● Collected material:
== Segment start ==

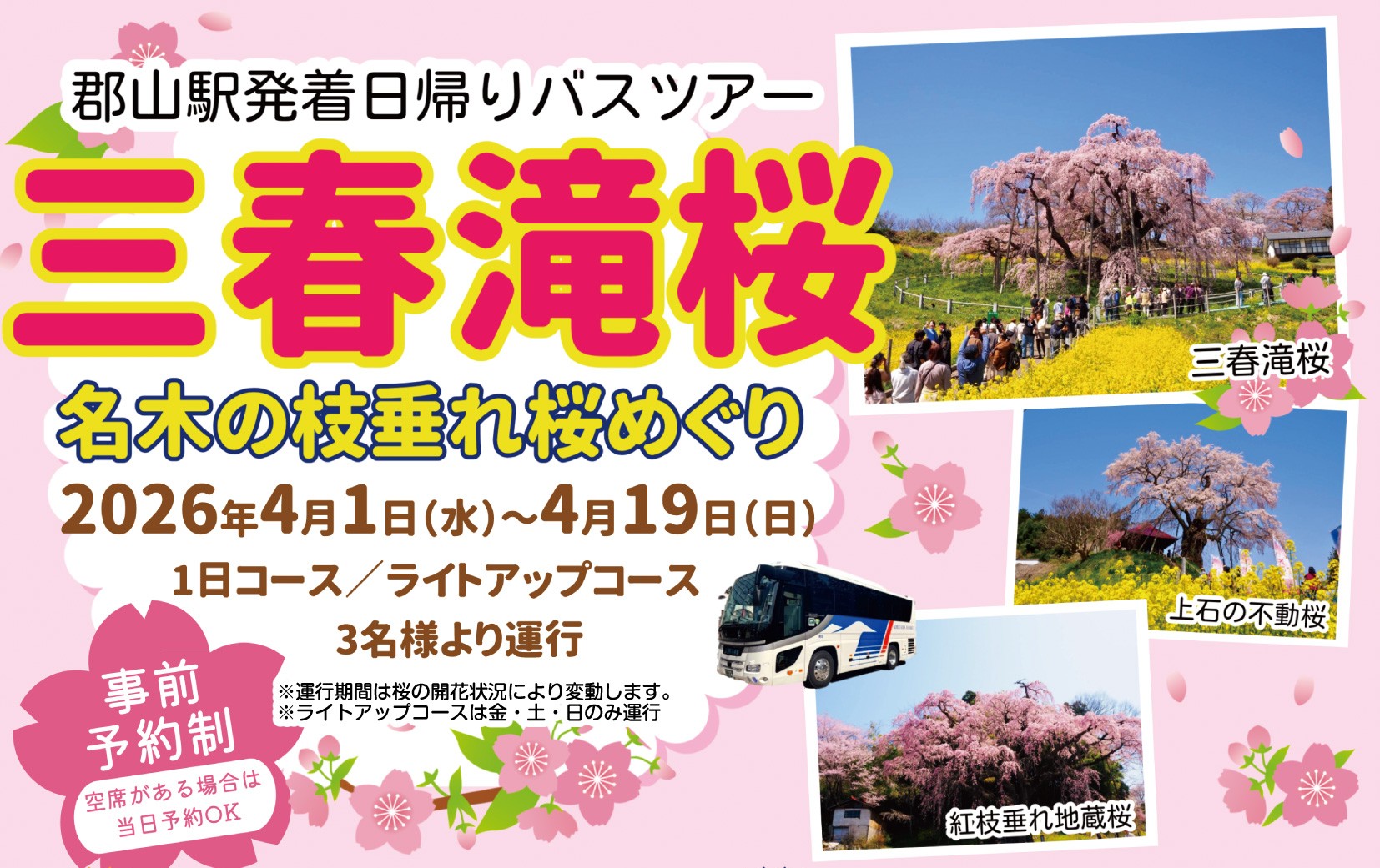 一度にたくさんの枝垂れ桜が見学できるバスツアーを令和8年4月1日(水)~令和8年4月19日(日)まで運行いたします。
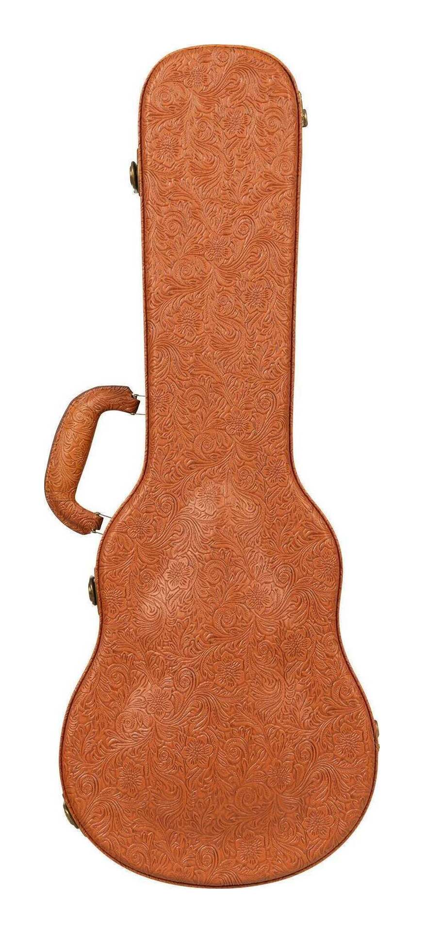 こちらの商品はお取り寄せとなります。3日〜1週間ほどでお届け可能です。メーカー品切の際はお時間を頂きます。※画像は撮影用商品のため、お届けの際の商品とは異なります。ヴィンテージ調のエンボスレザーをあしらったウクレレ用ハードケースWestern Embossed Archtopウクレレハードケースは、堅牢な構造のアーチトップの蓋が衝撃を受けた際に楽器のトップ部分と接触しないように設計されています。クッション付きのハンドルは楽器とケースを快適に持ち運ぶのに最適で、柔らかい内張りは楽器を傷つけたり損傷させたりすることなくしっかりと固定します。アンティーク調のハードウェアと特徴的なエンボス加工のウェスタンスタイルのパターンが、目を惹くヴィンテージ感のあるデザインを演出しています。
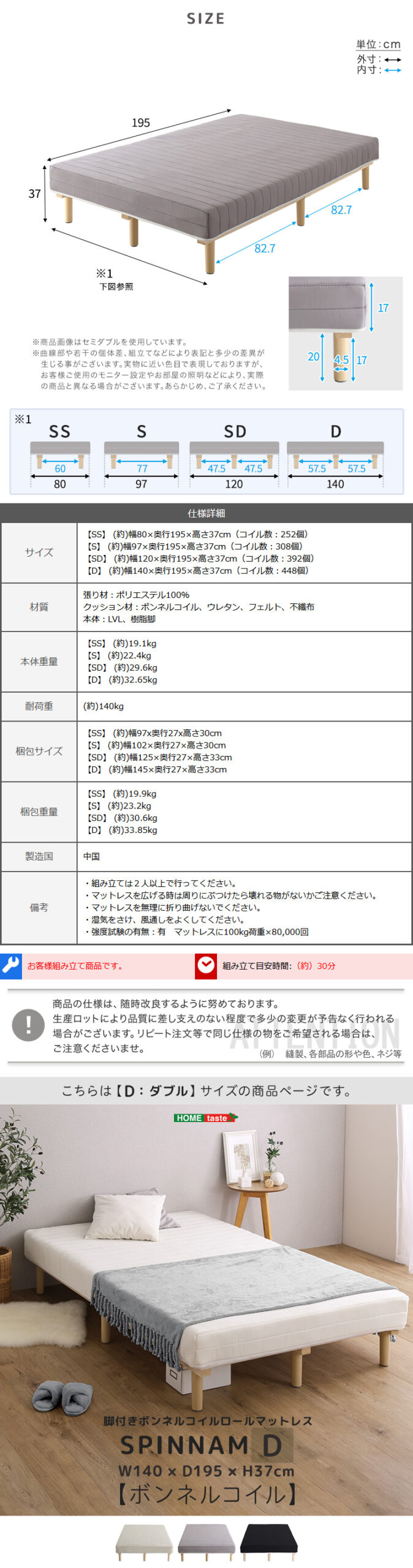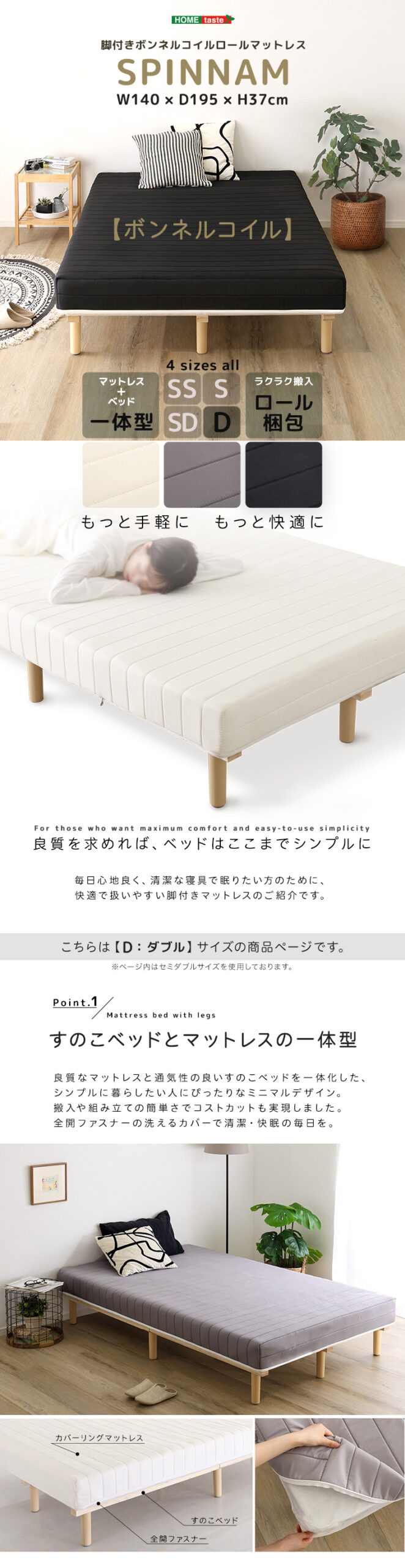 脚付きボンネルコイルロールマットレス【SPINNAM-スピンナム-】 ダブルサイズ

== Segment end ==

● Exercise details: What you give back should be the full material above, retyped exactly, with every image removed.

● Answer space:
 一度にたくさんの枝垂れ桜が見学できるバスツアーを令和8年4月1日(水)~令和8年4月19日(日)まで運行いたします。
 こちらの商品はお取り寄せとなります。3日〜1週間ほどでお届け可能です。メーカー品切の際はお時間を頂きます。※画像は撮影用商品のため、お届けの際の商品とは異なります。ヴィンテージ調のエンボスレザーをあしらったウクレレ用ハードケースWestern Embossed Archtopウクレレハードケースは、堅牢な構造のアーチトップの蓋が衝撃を受けた際に楽器のトップ部分と接触しないように設計されています。クッション付きのハンドルは楽器とケースを快適に持ち運ぶのに最適で、柔らかい内張りは楽器を傷つけたり損傷させたりすることなくしっかりと固定します。アンティーク調のハードウェアと特徴的なエンボス加工のウェスタンスタイルのパターンが、目を惹くヴィンテージ感のあるデザインを演出しています。
 脚付きボンネルコイルロールマットレス【SPINNAM-スピンナム-】 ダブルサイズ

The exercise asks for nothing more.